From: "Darrick J. Wong" <djwong@kernel.org>
To: Dave Chinner <david@fromorbit.com>
Cc: linux-xfs@vger.kernel.org
Subject: Re: [PATCH] xfs: fix unlink vs cluster buffer instantiation race
Date: Thu, 13 Jun 2024 08:07:41 -0700	[thread overview]
Message-ID: <20240613150741.GN2764752@frogsfrogsfrogs> (raw)
In-Reply-To: <20240612225148.3989713-1-david@fromorbit.com>

On Thu, Jun 13, 2024 at 08:51:48AM +1000, Dave Chinner wrote:
> From: Dave Chinner <dchinner@redhat.com>
> 
> Luis has been reporting an assert failure when freeing an inode
> cluster during inode inactivation for a while. The assert looks
> like:
> 
>  XFS: Assertion failed: bp->b_flags & XBF_DONE, file: fs/xfs/xfs_trans_buf.c, line: 241
>  ------------[ cut here ]------------
>  kernel BUG at fs/xfs/xfs_message.c:102!
>  Oops: invalid opcode: 0000 [#1] PREEMPT SMP KASAN NOPTI
>  CPU: 4 PID: 73 Comm: kworker/4:1 Not tainted 6.10.0-rc1 #4
>  Hardware name: QEMU Standard PC (Q35 + ICH9, 2009), BIOS 1.16.3-debian-1.16.3-2 04/01/2014
>  Workqueue: xfs-inodegc/loop5 xfs_inodegc_worker [xfs]

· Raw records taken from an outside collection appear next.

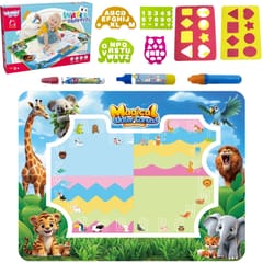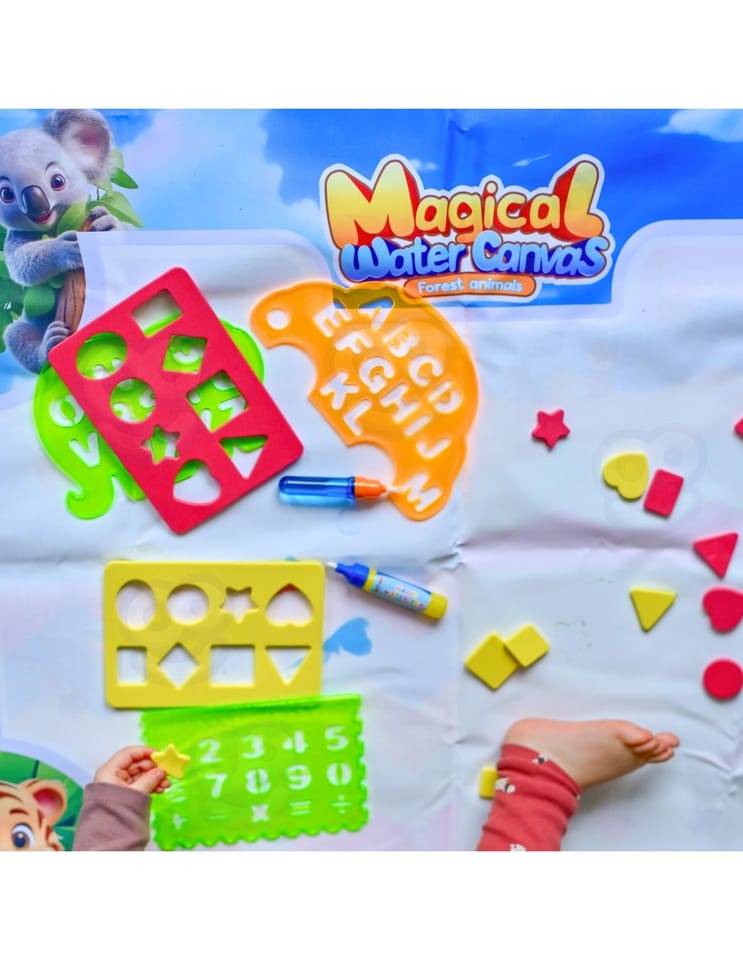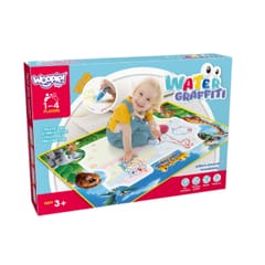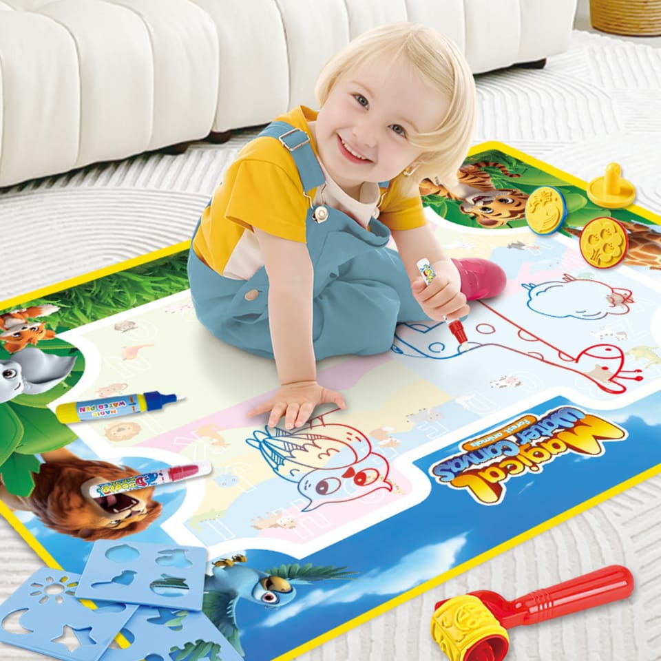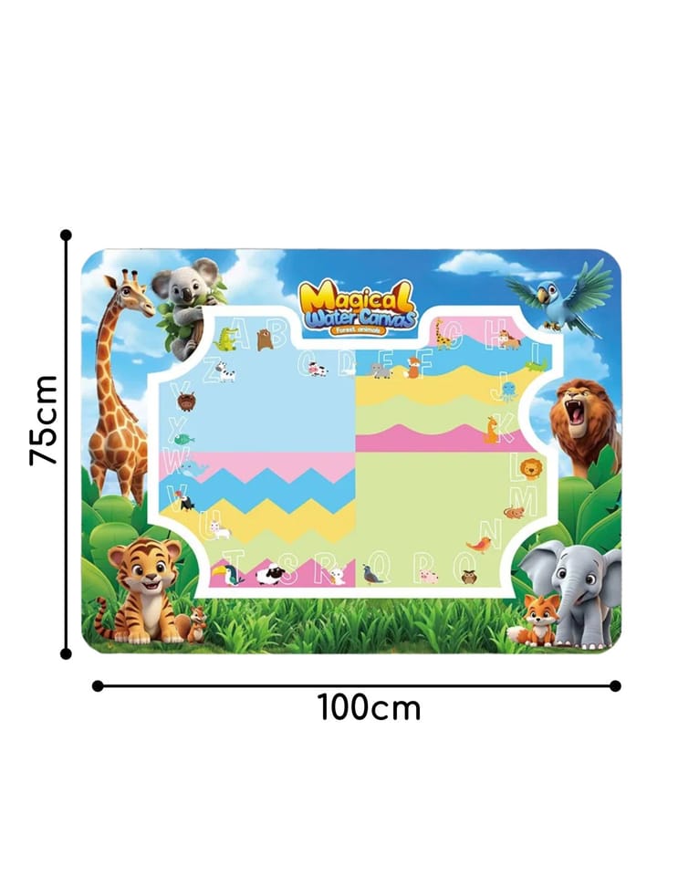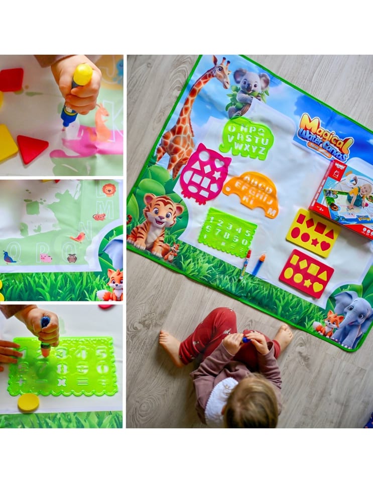 Mata do Malowania Wodą marki WOOPIE to edukacyjny zestaw artystyczny dla dzieci od 3 roku życia. Wystarczy napełnić dołączone pisaki czystą wodą, by odkrywać kolory, litery, liczby i kształty bez użycia tuszu i farb. Rysunki pojawiają się na chwilę, a po wyschnięciu znikają, zapraszając do kolejnej zabawy. Duży format 100×75 (cm) daje miejsce do wspólnego tworzenia, a wesoła grafika zwierząt z dżungli zachęca do nauki przez zabawę.
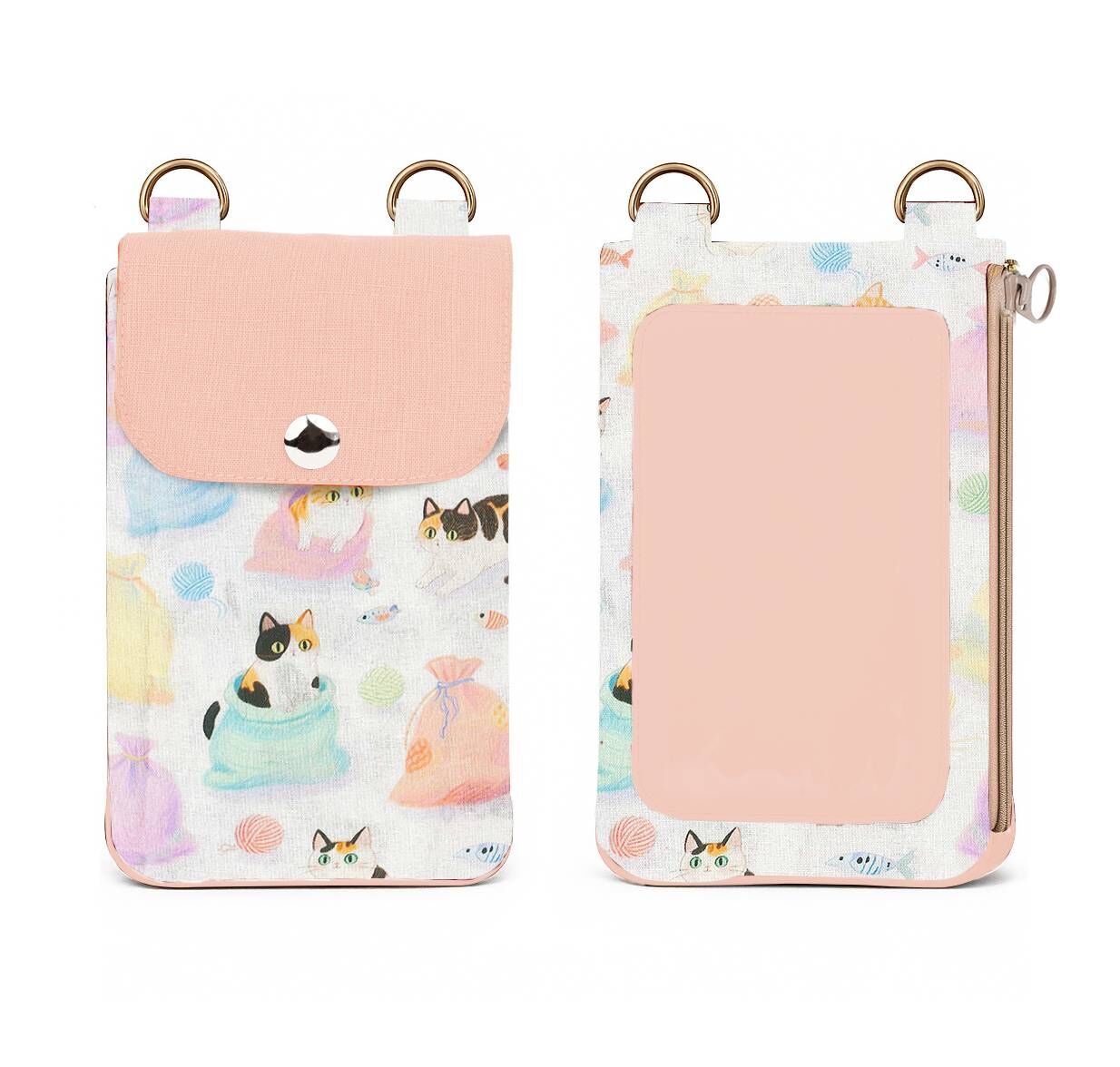 小巧的袋身展開後,內側有著多個卡片/鈔票夾層,還有著拉鍊口袋,方便攜帶各式隨身物品。
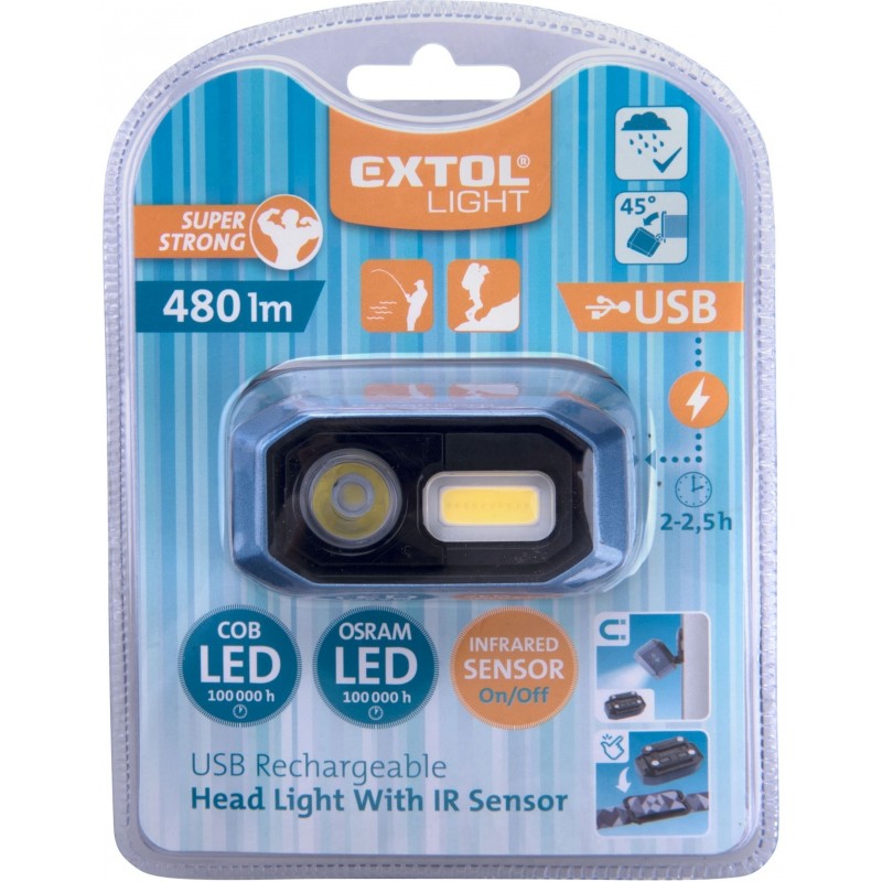EXTOL LIGHT čelovka 480L, nabíjací, USB, IR čidlo, OSRAM LED + COB LED 43183
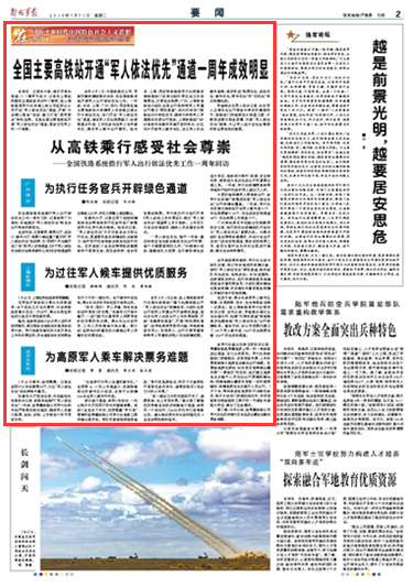 去年8月1日,中國鐵路總公司、軍委后勤保障部聯(lián)合決定,在全國鐵路系統(tǒng)開展軍人出行依法優(yōu)先工作。這項(xiàng)政策實(shí)施一年來成效如何?記者走進(jìn)高鐵站進(jìn)行了采訪調(diào)查,實(shí)地探訪“軍人依法優(yōu)先”給官兵出行帶來的新變化。請關(guān)注今天出版的《解放軍報》的報道——
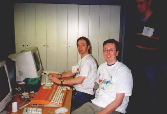 Computer with Dutch sympathies. These guys must have known that the Dutch royal house is called "Of Orange". Anyway, left to right Cal and Grazey of PHF, and Mr. Ni! of TOS Crew.
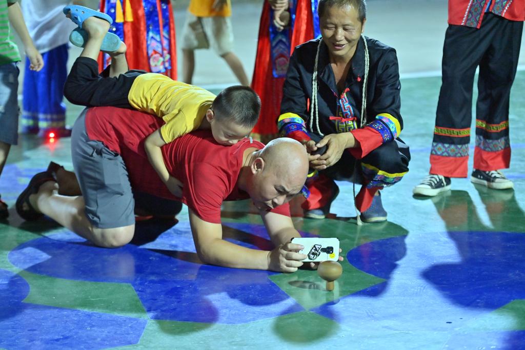在瑶山的仁良村,4岁的黄弘程,趴在爸爸的身上,感受陀螺运动的乐趣;场边,一排小学生排着队,等候上场比赛。
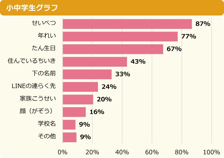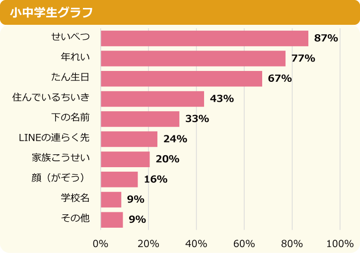 ネッ友に教えている自分の情報は「性別」という小中学生が87%で最も多く、続いて2位が「年齢」で77%、3位が「誕生日」で67%という順でした。ネッ友について知っている情報と同じように、自分の情報もネッ友に教えていることがわかります。
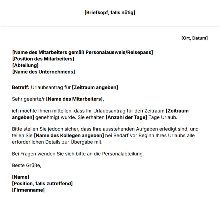 Vorlage für ein Schreiben zur Urlaubsgenehmigung für Mitarbeiter. Jetzt herunterladen.
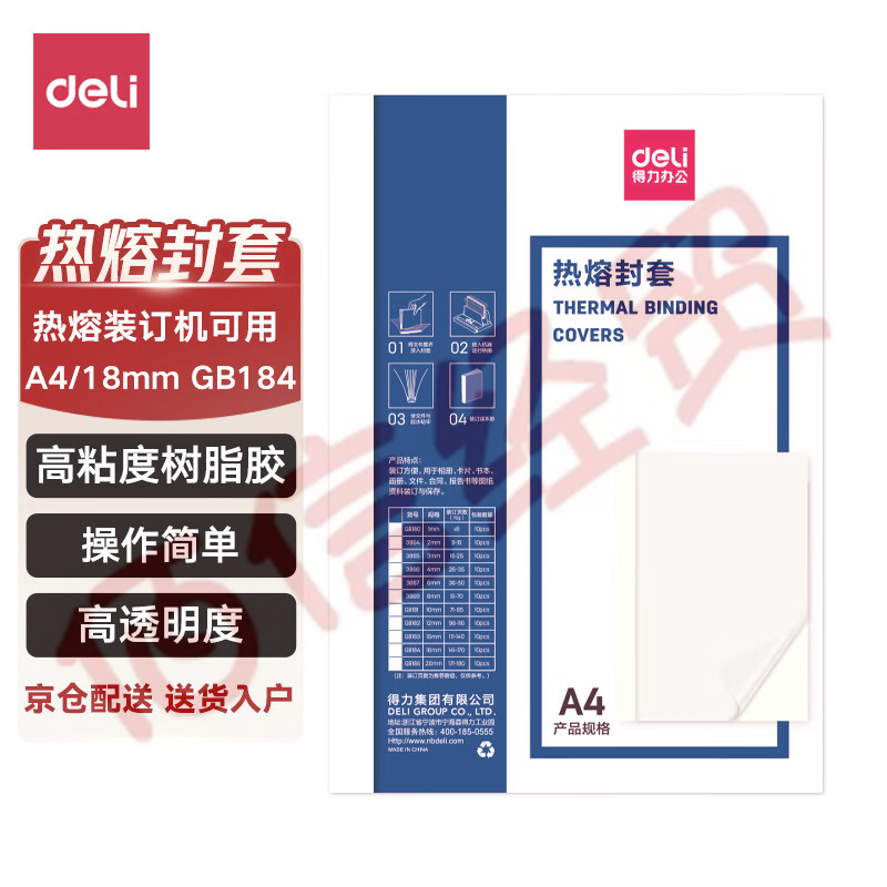 得力(deli)GB184熱熔封套熱熔裝訂機專用裝訂封皮A4/18mm(10個裝) 自營
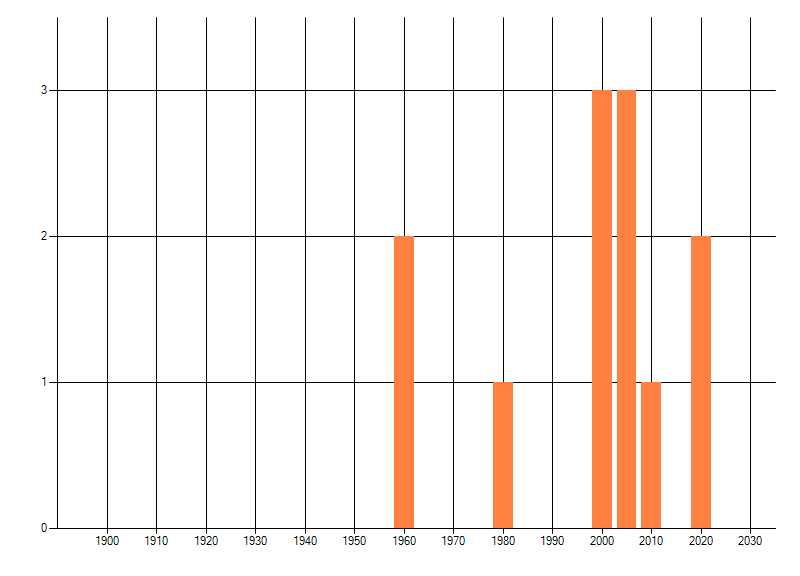 Het aantal atlasblokken (5x5 km) waarin de soort is gemeld binnen een periode van vijf jaar (vanaf 1980) of twintig jaar. Niet gecorrigeerd voor waarnemersinspanning en het aantal doorgegeven waarnemingen kan sterk variëren per periode, dus een trend in verspreiding kan hier niet direct uit worden afgelezen. Het opgegeven jaartal is het eerste jaar van de periode. Bron: gevalideerde waarnemingen uit de NDFF.
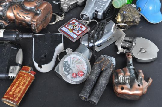 A large collection of vintage 20th century novelty lighters comprising of a Jalnd Elegance Series smoking Set, a motorcycle lights, Army helmet lighter with compass, grenade lighter, electric shaver lighter, casino lighter, mobile phone lighter and more.
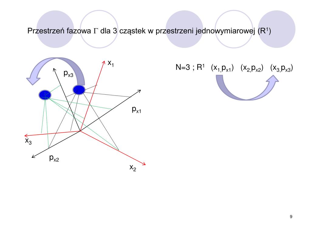 Przestrzeń fazowa dla 3 cząstek w przestrzeni jednowymiarowej (R1) x1 N=3 ; R1 (x1,px1) (x2,px2) (x3,px3) px3 px1 x3 px2 x2

>  RIP: 0010:assfail (fs/xfs/xfs_message.c:102) xfs
>  RSP: 0018:ffff88810188f7f0 EFLAGS: 00010202
>  RAX: 0000000000000000 RBX: ffff88816e748250 RCX: 1ffffffff844b0e7
>  RDX: 0000000000000004 RSI: ffff88810188f558 RDI: ffffffffc2431fa0
>  RBP: 1ffff11020311f01 R08: 0000000042431f9f R09: ffffed1020311e9b
>  R10: ffff88810188f4df R11: ffffffffac725d70 R12: ffff88817a3f4000
>  R13: ffff88812182f000 R14: ffff88810188f998 R15: ffffffffc2423f80
>  FS:  0000000000000000(0000) GS:ffff8881c8400000(0000) knlGS:0000000000000000
>  CS:  0010 DS: 0000 ES: 0000 CR0: 0000000080050033
>  CR2: 000055fe9d0f109c CR3: 000000014426c002 CR4: 0000000000770ef0
>  DR0: 0000000000000000 DR1: 0000000000000000 DR2: 0000000000000000
>  DR3: 0000000000000000 DR6: 00000000fffe07f0 DR7: 0000000000000400
>  PKRU: 55555554
>  Call Trace:
>   <TASK>
>  xfs_trans_read_buf_map (fs/xfs/xfs_trans_buf.c:241 (discriminator 1)) xfs
>  xfs_imap_to_bp (fs/xfs/xfs_trans.h:210 fs/xfs/libxfs/xfs_inode_buf.c:138) xfs
>  xfs_inode_item_precommit (fs/xfs/xfs_inode_item.c:145) xfs
>  xfs_trans_run_precommits (fs/xfs/xfs_trans.c:931) xfs
>  __xfs_trans_commit (fs/xfs/xfs_trans.c:966) xfs
>  xfs_inactive_ifree (fs/xfs/xfs_inode.c:1811) xfs
>  xfs_inactive (fs/xfs/xfs_inode.c:2013) xfs
>  xfs_inodegc_worker (fs/xfs/xfs_icache.c:1841 fs/xfs/xfs_icache.c:1886) xfs
>  process_one_work (kernel/workqueue.c:3231)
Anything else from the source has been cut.